Attending an African-American Church for the First Time
I had the best time

I was homeless in Minneapolis for almost three years. It was the lowest point in my life and a soul-crushing experience. There were two things that kept me going.
I’m by nature a stubborn son of a bitch. I was going to get through it despite it all. And a woman in South Carolina I had never met decided to care about me.
We had started talking a few days before I had to leave where I was staying. That morning before, I left to see if I could find some help. After packing what I could into an overnight bag and a backpack, I checked my laptop one last time.
She was waiting for me. I told her what happened and said I had to go. We talked again the next morning while I was sitting in my truck in the shelter parking area.
We continued to talk and get to know each other. Two years later she flew up to see me.
At this point I was in love. There was no question that I was going to marry Olivia and live in South Carolina. We started making plans.
I had grown up in the Southern Baptist Church. My Maternal Grandfather was a plumber and an Ordained Minister. After my mom died I quit going to church.
It had been twenty-years since I had gone to a church service.
Months later I was in my room at another shelter. It was Transitional Housing. Residents had a private room with no running water or a way to cook our own meals in our rooms.
Olivia had provided me with a cellphone. It rang while I was on my bed reading or napping. “ Let me ask you a question.” She said after we greeted each other.
“ You know I’m a Christian and I go to church right? “ The question puzzled me. I wondered where she was going but she got right to the point.
“ I need a man that will go to church with me. I know you haven’t been to church in a long time. Are you willing to go to church with me?”
“ I’m willing to go to church with you.” I answered. Then to drive the point home. “ I want to go to church with you and I’m excited about it. I’m looking forward to it.”
She sighed in relief and we talked of other things.
Before I moved to South Carolina, Olivia had bought us a used Lincoln Town Car with around three-hundred thousand miles on it.
I picked her up that Sunday morning and we went to church. It was a blast. I had grown up in white Southern Baptist Churches. Saint Mark’s was like nothing I had ever experienced.

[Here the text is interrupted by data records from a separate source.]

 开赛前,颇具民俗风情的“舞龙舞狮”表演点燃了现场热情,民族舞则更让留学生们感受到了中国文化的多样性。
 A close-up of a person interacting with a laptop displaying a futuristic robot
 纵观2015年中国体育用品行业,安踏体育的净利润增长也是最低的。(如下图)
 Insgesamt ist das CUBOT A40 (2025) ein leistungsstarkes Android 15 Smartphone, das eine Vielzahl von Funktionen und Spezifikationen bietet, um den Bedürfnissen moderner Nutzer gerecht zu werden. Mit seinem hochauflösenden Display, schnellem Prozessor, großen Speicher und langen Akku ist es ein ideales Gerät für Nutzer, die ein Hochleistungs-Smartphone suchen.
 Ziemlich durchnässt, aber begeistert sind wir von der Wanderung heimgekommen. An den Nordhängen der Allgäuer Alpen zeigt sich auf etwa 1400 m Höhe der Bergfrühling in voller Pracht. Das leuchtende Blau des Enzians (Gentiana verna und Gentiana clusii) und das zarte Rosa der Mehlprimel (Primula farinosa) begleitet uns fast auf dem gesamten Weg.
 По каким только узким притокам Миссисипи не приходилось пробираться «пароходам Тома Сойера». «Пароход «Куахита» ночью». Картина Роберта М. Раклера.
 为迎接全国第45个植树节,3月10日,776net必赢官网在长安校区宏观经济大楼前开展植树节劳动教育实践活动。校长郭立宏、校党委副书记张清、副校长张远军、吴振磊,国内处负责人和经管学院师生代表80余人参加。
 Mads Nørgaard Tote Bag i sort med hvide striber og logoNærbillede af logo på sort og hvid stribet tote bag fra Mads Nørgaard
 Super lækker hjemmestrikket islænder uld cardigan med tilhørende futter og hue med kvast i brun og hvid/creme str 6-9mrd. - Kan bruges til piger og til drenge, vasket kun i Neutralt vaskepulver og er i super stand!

Everyone came up to me to introduce themselves and shake my hand. I immediately felt loved and accepted. Once the music started, everyone stood up to sing.

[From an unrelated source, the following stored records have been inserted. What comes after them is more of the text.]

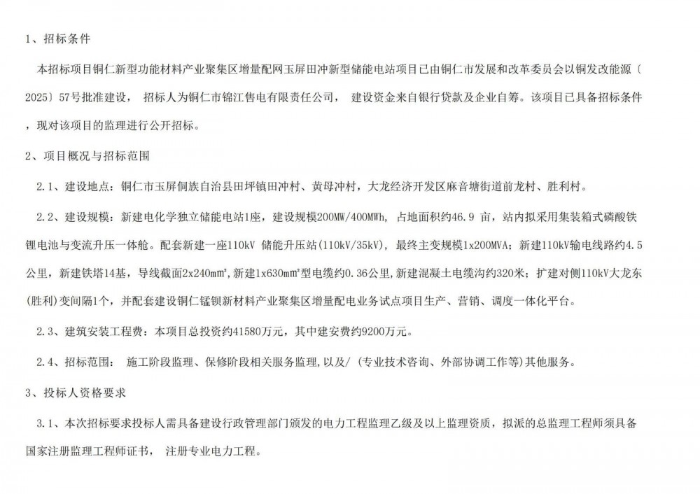 5月28日,铜仁新型功能材料产业聚集区增量配网玉屏田冲新型储能电站项目监理公告发布。
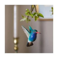 De authentieke, uit hout gesneden kolibries brengen de schoonheid van de natuur bij je thuis. Deze twee levensechte kolibries zijn handgemaakt en hebben elk een houding die typeert voor deze vogel. Hun kleurrijke verenkleed is geschilderd met milieuvriendelijke verf. Met het voorziene haakje kunnen ze makkelijk in het interieur worden opgehangen.
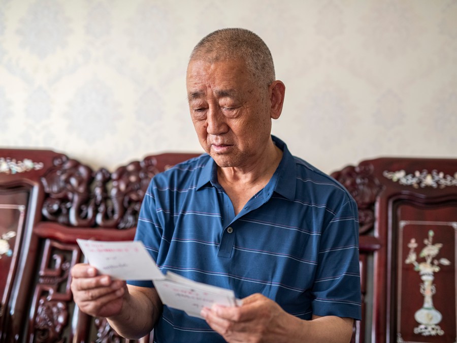 Retired Li Chunlu views old photos at home in Chengdu City, southwest China's Sichuan Province, June 3, 2022. (Xinhua/Tang Wenhao)
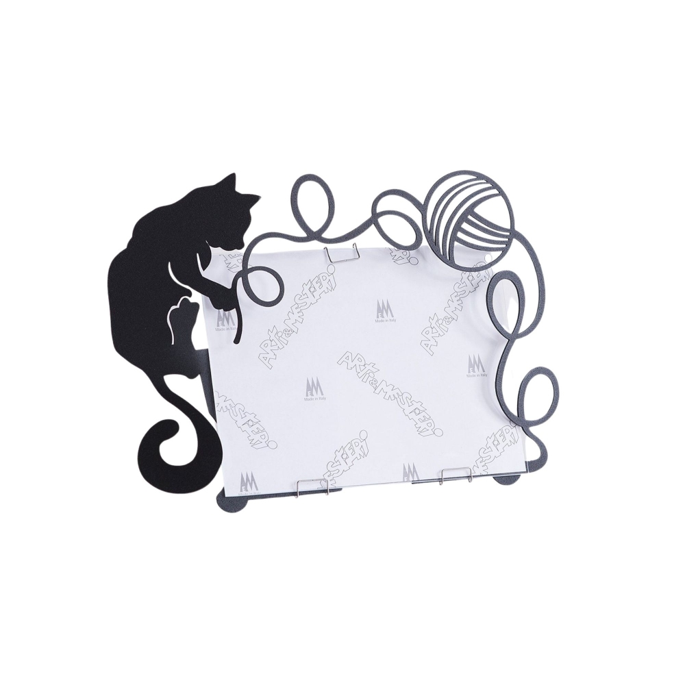 Porta foto Gatto Gomitolo  realizzato in ferro. La cornice è abbellita da un gatto e l'immancabile gomitolo. Ha uno stile moderno e simpatico, disponibile in nero. Porta foto Gatto Gomitolo in ferro è solido e decorativo e abbellirà le tue superfici vuote con i ricordi più belli. Realizzato da Arti e Mestieri.
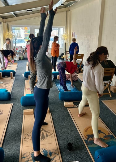 The yoga classes are based on Hatha and Vinyasa yoga, incorporating somatic movement, linking breath to movement and flow, and options are given to allow all abilities to join.
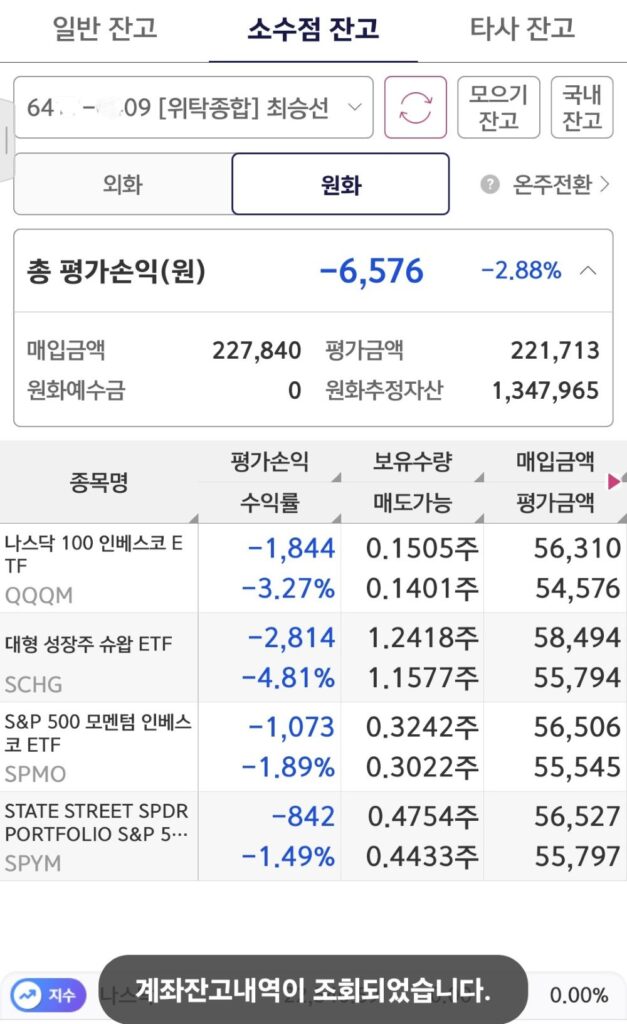 • 매입금액: 227,840원 / 평가금액: 221,713원
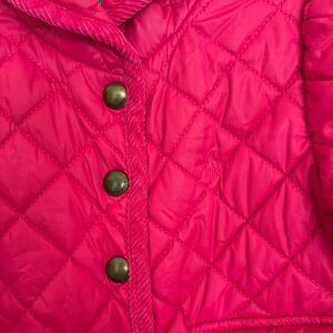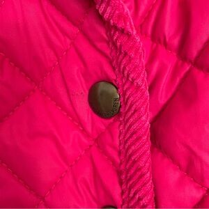 Bright fuchsia quilted jacket. Features button closure and cozy design. Ideal for cool weather.
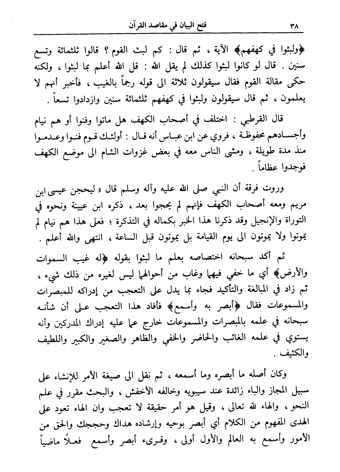 ولبثوا في كهفهم الآية، ثم قال: كم لبث القوم؟ قالوا ثلثمائة وتسع سنين. قال لو كانوا لبثوا كذلك لم يقل الله: قل الله أعلم بما لبثوا، ولكنه حكى مقالة القوم فقال سيقولون ثلاثة إلى قوله رجماً بالغيب، فأخبر أنهم لا يعلمون، ثم قال سيقولون ولبثوا في كهفهم ثلثمائة سنين وازدادوا تسعاً.

I was singing and tapping my feet and clapping my hands along with everyone else. I soaked up the Sermon like a thirsty man at an oasis.
It took awhile for me to loosen up. But I soon was standing and clapping and shouting “ AMEN” like the rest of the congregation.
I looked forward to going every Sunday and I can’t wait to be going again.
It broke my mom’s heart when I quit going to Church. I’m sure if she could look down from Heaven she would get a kick out of me having such a good time. And I know that she would love Olivia completely for being the one that finally got me to go back.
I’m not where I need to be Spiritually. But I know I’m better off than I was five years ago. I couldn’t have done it without God, Olivia and St. Mark’s Baptist Church.